|GOLDBERG ON FOOTBALL: Quinn waits a long time, then gets his wish|
|Written by Admin|
|Saturday, 28 April 2007 11:21|
Even before he dropped to No. 22 after being the considered a potential overall No. 1 pick, he kept saying it wasn't a problem. ``That means I'll be playing for a better team,'' Quinn kept repeating.
Well, the former Notre Dame quarterback isn't playing for a better team.
He's playing for the Cleveland Browns, who might've taken him at No. 3, but chose offensive tackle Joe Thomas instead. Cleveland, 4-12 last season, then dramatically traded up from the second round to take a player it hopes is the next Otto Graham, NOT the next Tim Couch. Couch was the first overall pick in 1999 for an expansion team that replaced the original Browns, who defected to Baltimore in 1996.
But Quinn is going home - he grew up near Columbus in Dublin, Ohio. And considering he has Braylon Edwards and Kellen Winslow to throw to, and Thomas to block for him, he may not be so badly off. Except in the wallet.
And Quinn said during the week money didn't mean as much as the chance to play in the NFL.
``I had a dollar in my wallet when I walked here and I still have that dollar,'' Quinn said with a smile after he was drafted.
Still, it had to have been a shock how far he fell, especially when he was available to quarterback-needy Miami at No. 9 . The Dolphins opted instead for Ted Ginn Jr., the Ohio State wide receiver whose questionable route-running and frequent drops had him projected in the 20s, speed notwithstanding. The reception to that pick in Miami was boos from fans who wanted Quinn.
He certainly looked a bit shell-shocked when he ambled onto the stage at Radio City Music Hall with his family to accept a Browns jersey with No. 1 on it from commissioner Roger Goodell. Funny thing about that: The jersey was still available because Thomas, on whom the Browns used their first pick, was the one player invited to the draft who declined to attend. He went fishing on Lake Michigan instead.
In fact, the most embarrassed people about the late choice might be the NFL folks who invited Quinn to New York. Quinn was outplayed by JaMarcus Russell in LSU's win over Notre Dame in the Sugar Bowl, helping elevate Russell to the top spot and the Oakland Raiders.

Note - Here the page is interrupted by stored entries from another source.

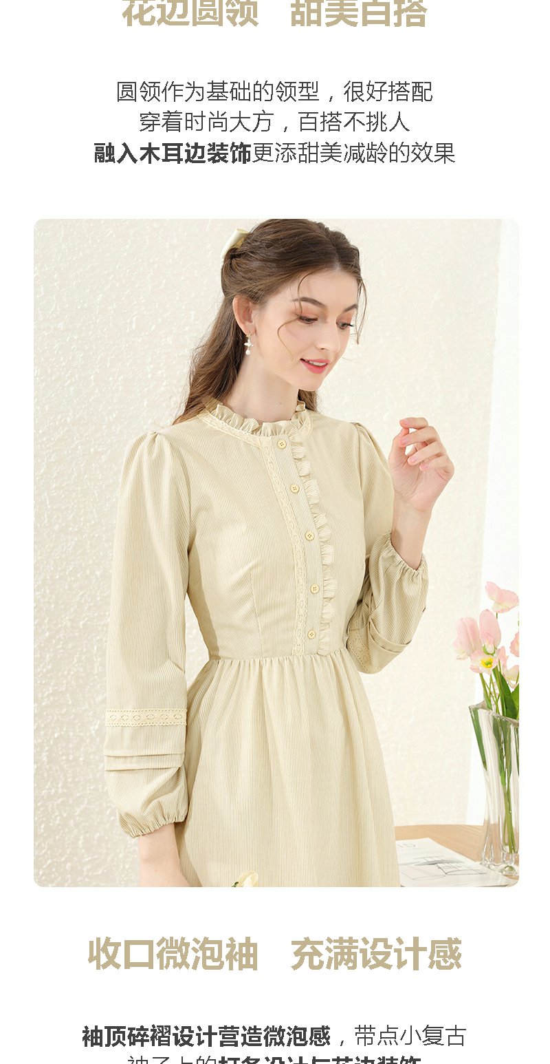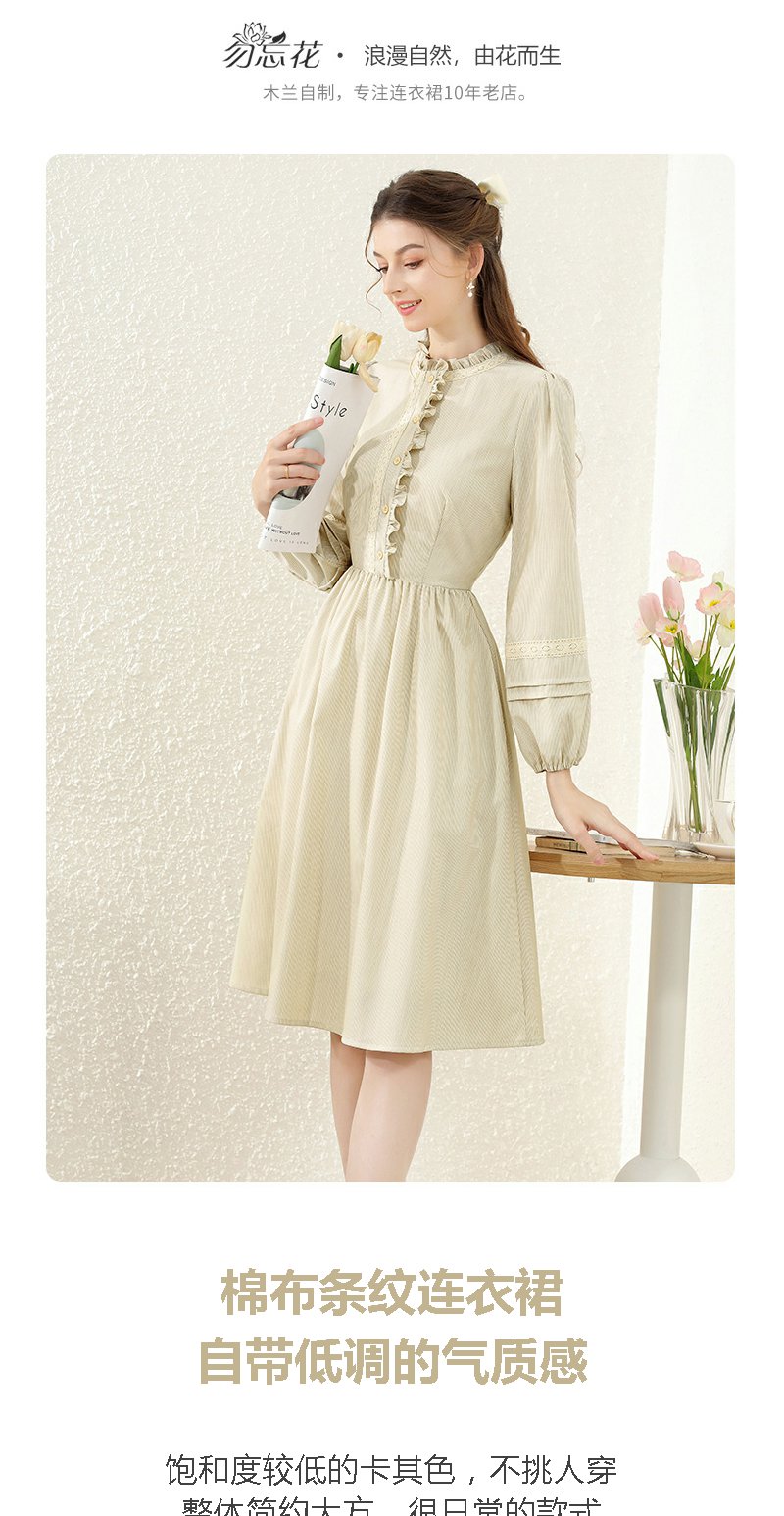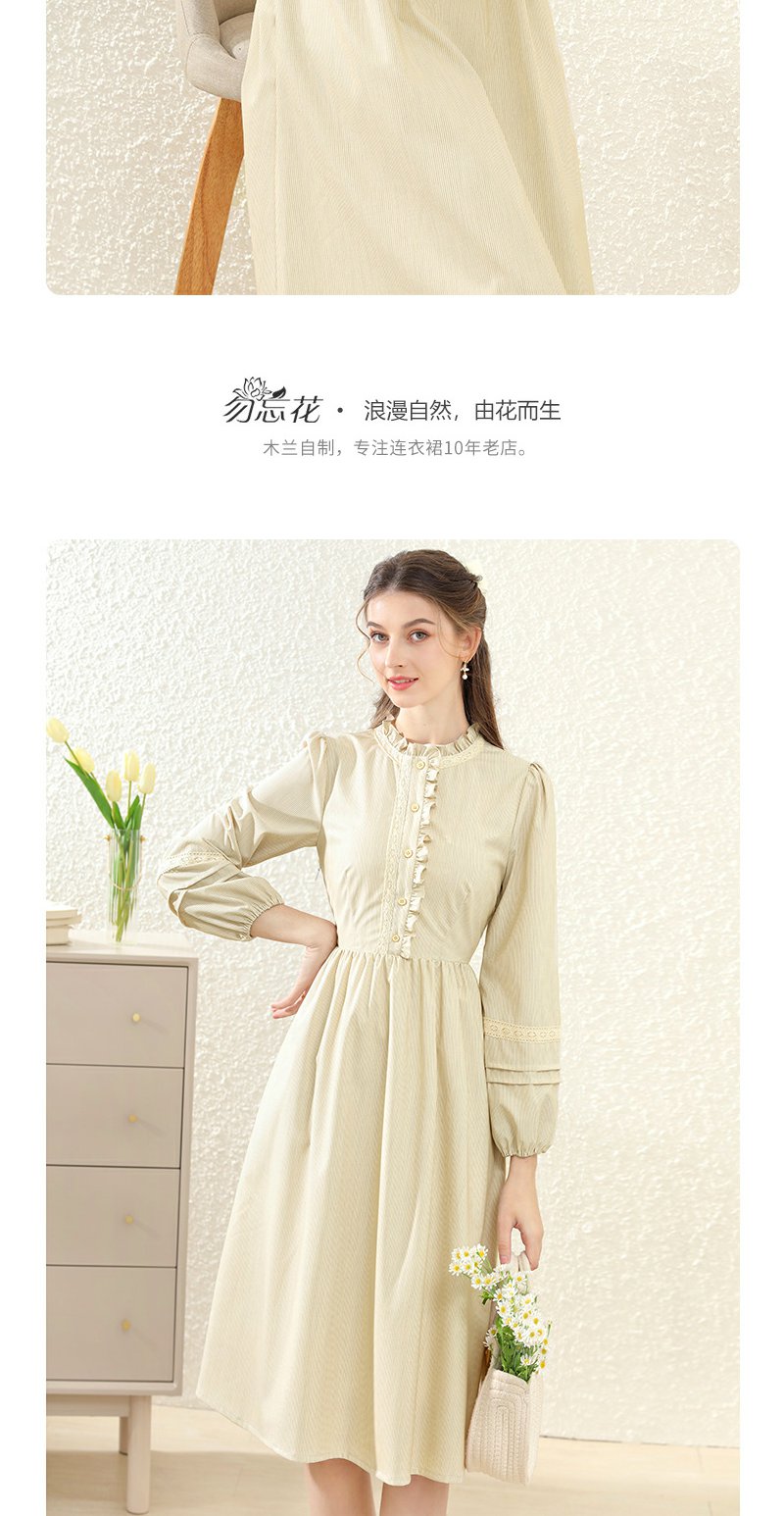 勿忘花卡其色气质温柔风连衣裙女2024秋季新款法式小个子裙子早秋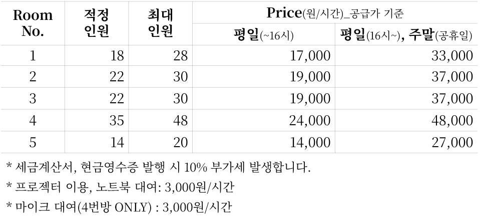 합리적이다 못해 저렴한 공간 이용료와 더불어 강의와 모임을 하는데 한치의 부족함도 없도록 지원하겠습니다.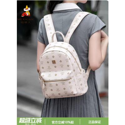 稻草人双肩包包女新款小众时尚背包撞色复古校园书包百搭旅行包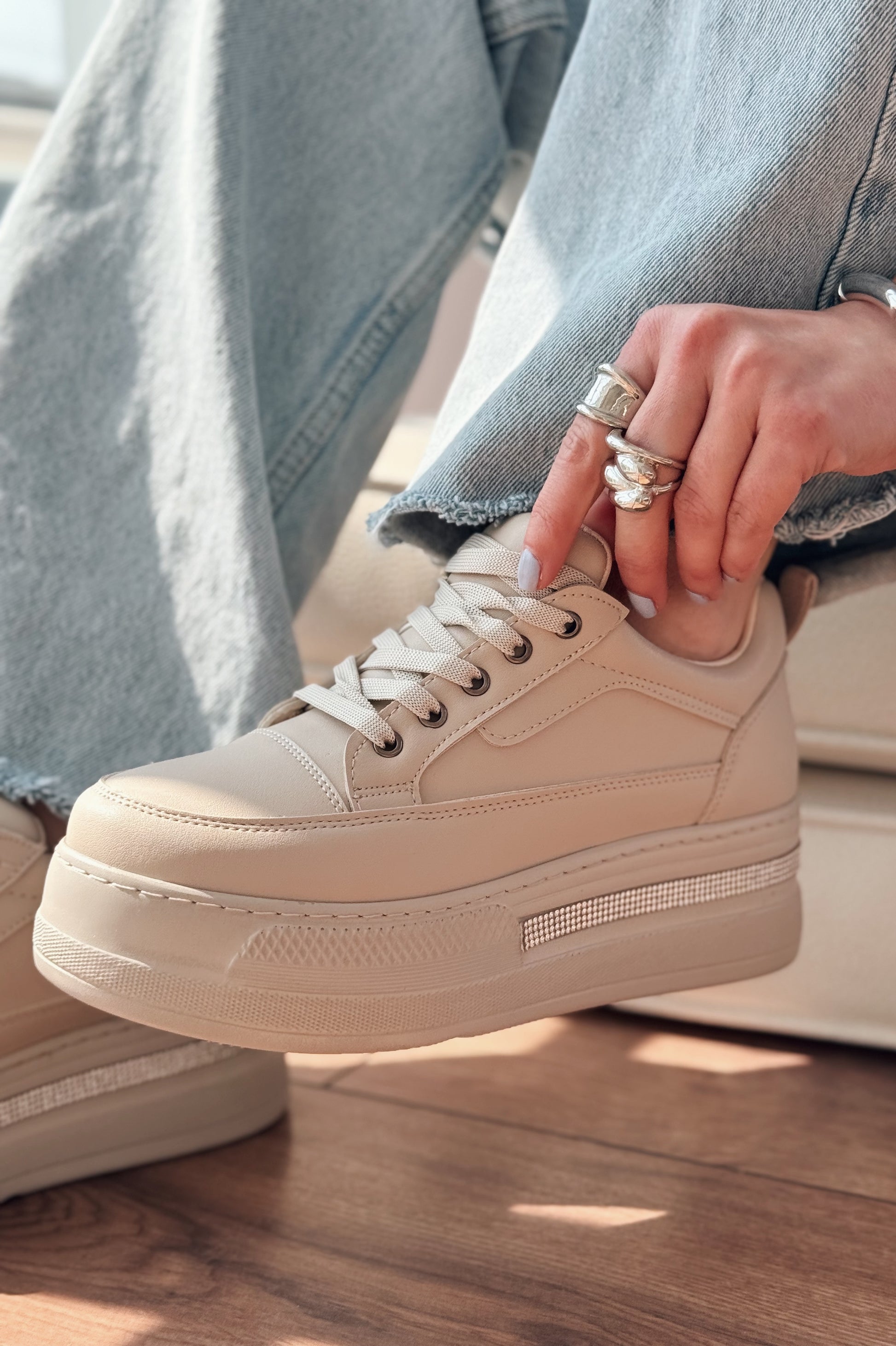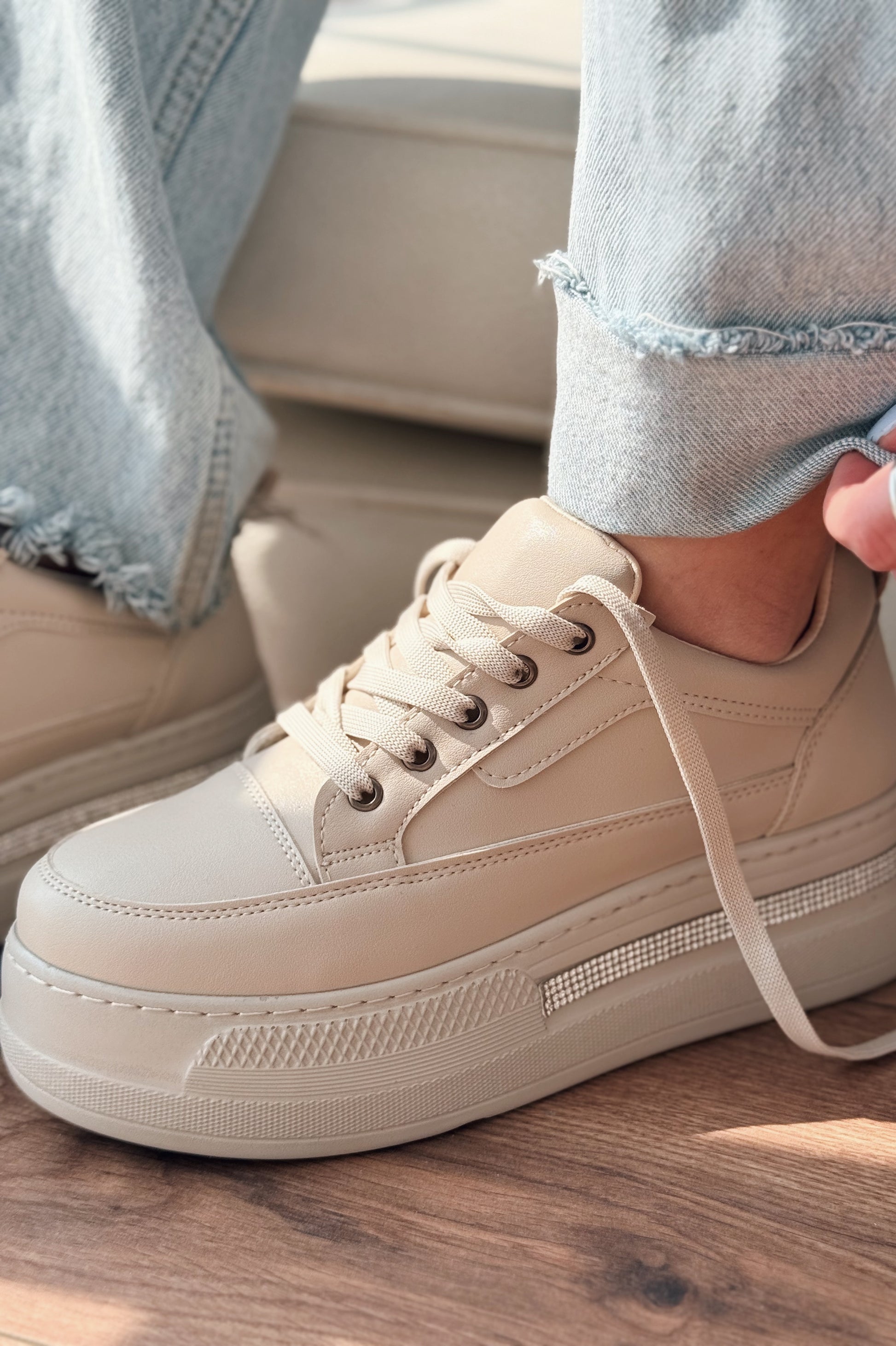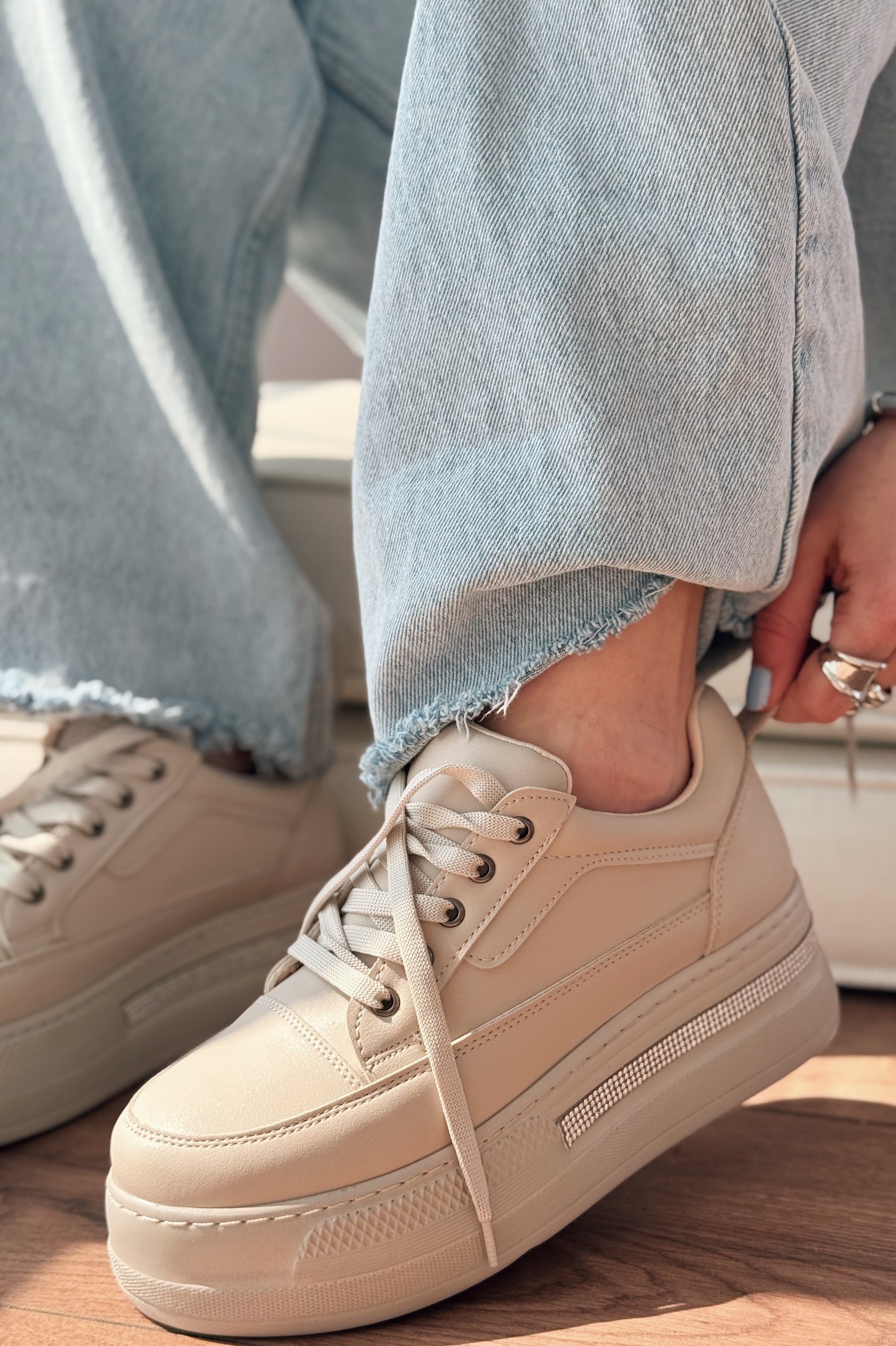 Yovira Nude Bağcıklı Taban Taş Aksesuarlı Günlük Spor Ayakkabı

The league has taken care over the years to ensure invitees will all be taken high. Running back Adrian Peterson, taken seventh by Minnesota, was the last of them chosen before Quinn. So after Miami took Ginn at nine, Quinn and his agent, Tom Condon, moved out of the ``Green Room,'' where players wait in front of TV cameras, into a smaller waiting room.
Condon knows about these things.
Last year, he represented Leinart, who went from being a consensus No. 1 to 10th overall with Arizona. He ended up having a good season, although he took a beating behind a horrible offensive line.
Rodgers dropped even lower two years ago, waiting until 24th when Green Bay took him. He was considered about even as a prospect with Alex Smith, on whom San Francisco used the No. 1 pick. Then Rodgers watched as teams with no need at QB passed on him.
That's more or less what happened to Quinn.
Nobody between Miami and Dallas, who had that 22nd pick, really needed a QB. Nor do the Cowboys.
But Kansas City, which was 23rd, certainly does, with Trent Green about to go elsewhere and Damon Huard, a career backup, set to be a stopgap. The Chiefs likely would have jumped on a young QB.
So the Browns moved up for a player they considered with the third pick, surrendering their first-rounder next season to do it.
If Quinn turns out to be anywhere near as good as Graham, a Hall of Famer who played in the 1940s and '50s, it will be well worth it.
If he's as bad as Couch ....
The Browns will continue to pick high.